Superquinn - 20 bottles Heniken 330 ml is €20


----------



## askU

*tesco: Carlsberg* 20 bottles (*300ml*) €*12*


----------



## ney001

dodo said:


> Hoping to buy some cheap beer this week, heineken would be great but would be open to othera aswell,  if you know a deal please let me know thanks



Supervalue 15euro for bud
Lidl - 15 euro carlsberg


----------



## Complainer

dodo said:


> heineken would be great


[broken link removed]


----------



## dodo

*thanks*

Guys thanks for the help got the 5 trays 24 cans heniken in Dunne's for 27E


----------



## pudds

*24 for €24 at Tesco*

From now until 7th June tesco are doing a 24 for €24 on a whole range of popular beers.



Kopparberg Mixed Fruit
Bulmers Berry
Bulmers Light
Bulmers Original
Bulmers Pear
Kopparberg Pear
Guinness
Heineken
Budweiser
Coors Light
Miller
Dutch Gold
Kopparberg Strawberry & Lime
Carlsberg
Carling
Remember drink responsible:


----------



## venice

5 letre mini keg of Heineken in Superquinn for 15 euro


----------



## enoxy

pudds said:


> From now until 7th June tesco are doing a 24 for €24 on a whole range of popular beers.
> 
> 
> 
> Bulmers Original
> Budweiser
> Coors Light
> :


 

Picked up 2 crates of Bulmers and one each of Bud and Coors - quite amazing value. Never seen Bulmers that cheap before - no need to go to Sainsburys in Newry anymore.

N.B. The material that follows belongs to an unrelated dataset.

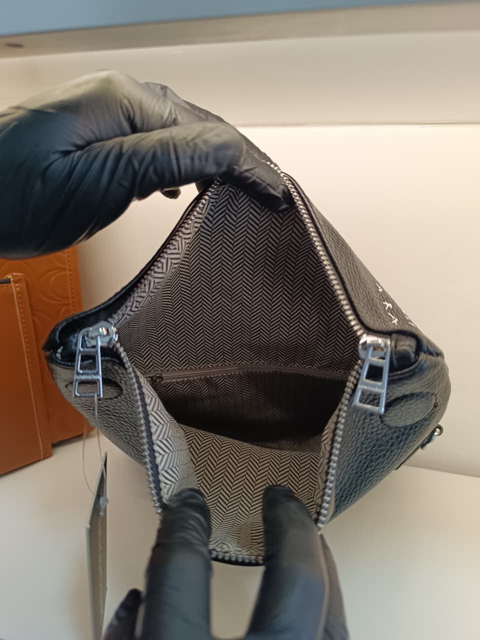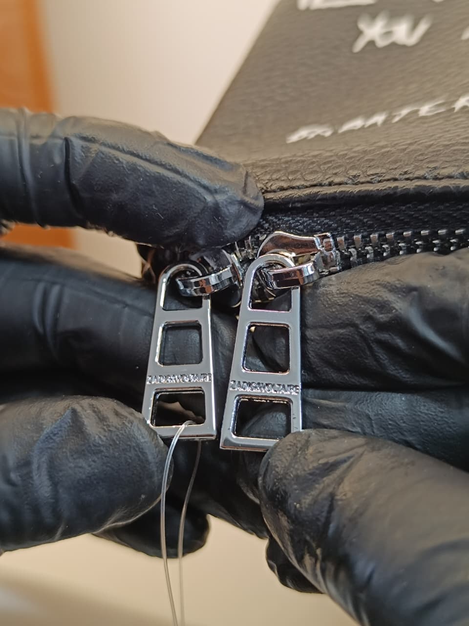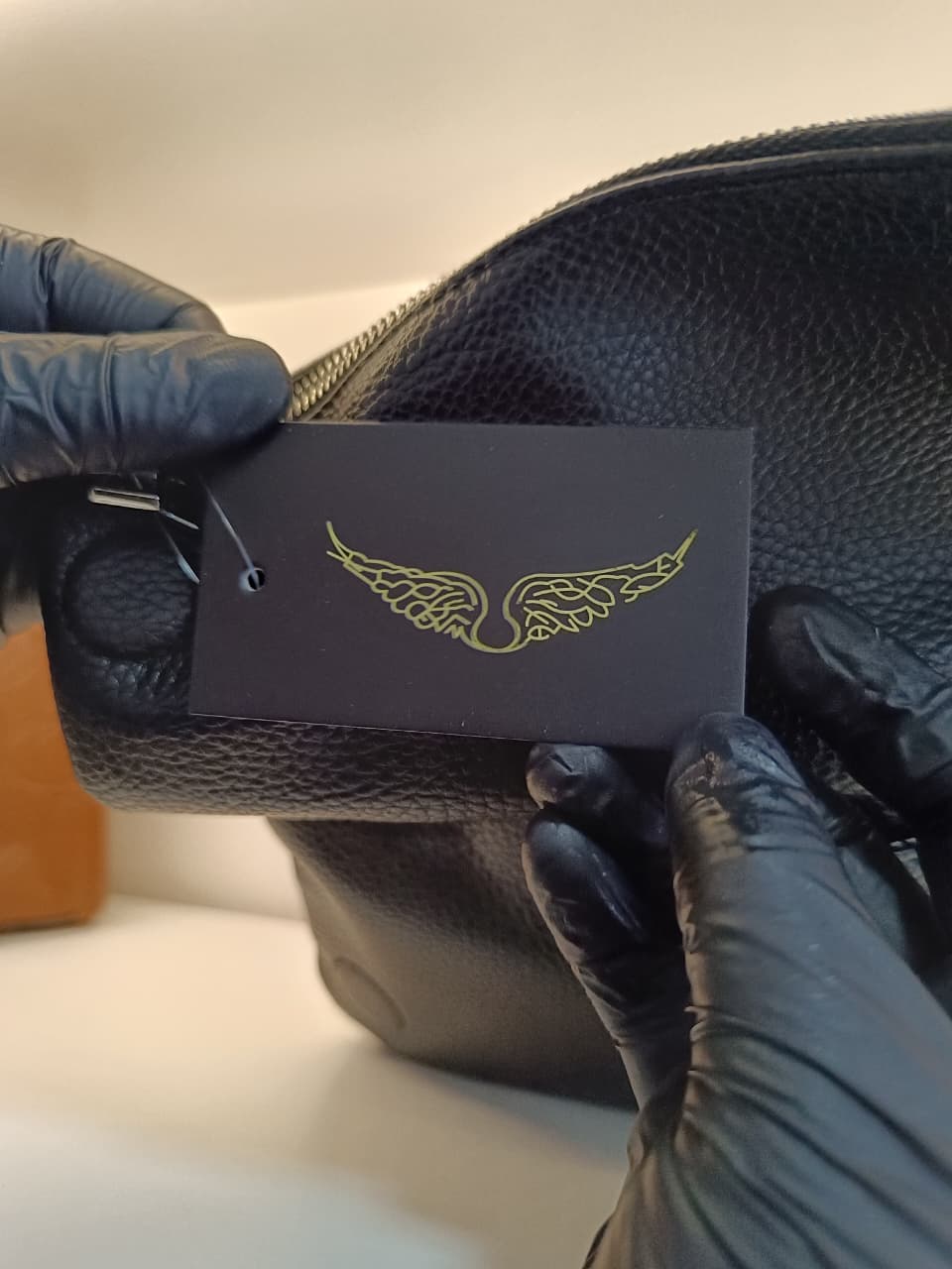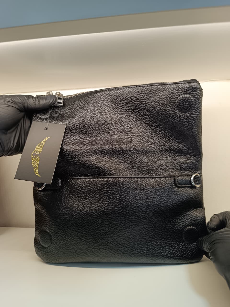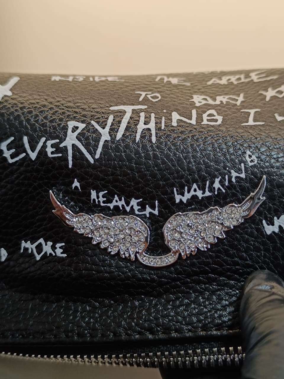 Destaca un emblema metálico en forma de alas, que añade un toque de libertad gráfica al diseño, además de un cierre horizontal de cremallera metálica en tono oscuro, que aporta funcionalidad y un aire urbano.

That lot should hopefully see me through June and some of July...


----------



## naughto

pudds said:


> From now until 7th June tesco are doing a 24 for €24 on a whole range of popular beers.
> 
> 
> 
> Kopparberg Mixed Fruit
> Bulmers Berry
> Bulmers Light
> Bulmers Original
> Bulmers Pear
> Kopparberg Pear
> Guinness
> Heineken
> Budweiser
> Coors Light
> Miller
> Dutch Gold
> Kopparberg Strawberry & Lime
> Carlsberg
> Carling
> Remember drink responsible:




cool thanks for this in to tesco it is tomorrow to fill the boot


----------



## seantheman

naughto said:


> cool thanks for this in to tesco it is tomorrow to fill the boot


Was wondering how ye got on, considering the promotion was due to end on June 7th?


----------



## foxylady

Mace have 24 bottles corona for 20 euro


----------



## askU

foxylady said:


> Mace have 24 bottles corona for 20 euro


  What size bottle?


----------



## enoxy

*cobra*

Picked up twelve 33cl bottles of corona for a tenner in Tesco - yummy with curry.


----------



## foxylady

enoxy said:


> Picked up twelve 33cl bottles of corona for a tenner in Tesco - yummy with curry.


 

Was this recently?


----------



## enoxy

This morning in Tesco stillorgan - however I don't want people to get the impression that I'm in off licenses at that hour regularly!!


----------



## enoxy

foxylady said:


> Was this recently?


 
Clarification - meant to say it was* Cobra* beer (and not Corona).


----------



## dereko1969

molloys and a few other places, i think, have the porterhouse beers at 4 bottles for €7, great great beers and great value at that price.


----------



## foxylady

askU said:


> What size bottle?


 
Standard 330 ml bottles


----------



## enoxy

24 euros for 24 x 500ml cans of bud and carlsberg in supervalu at the moment. Nice...


----------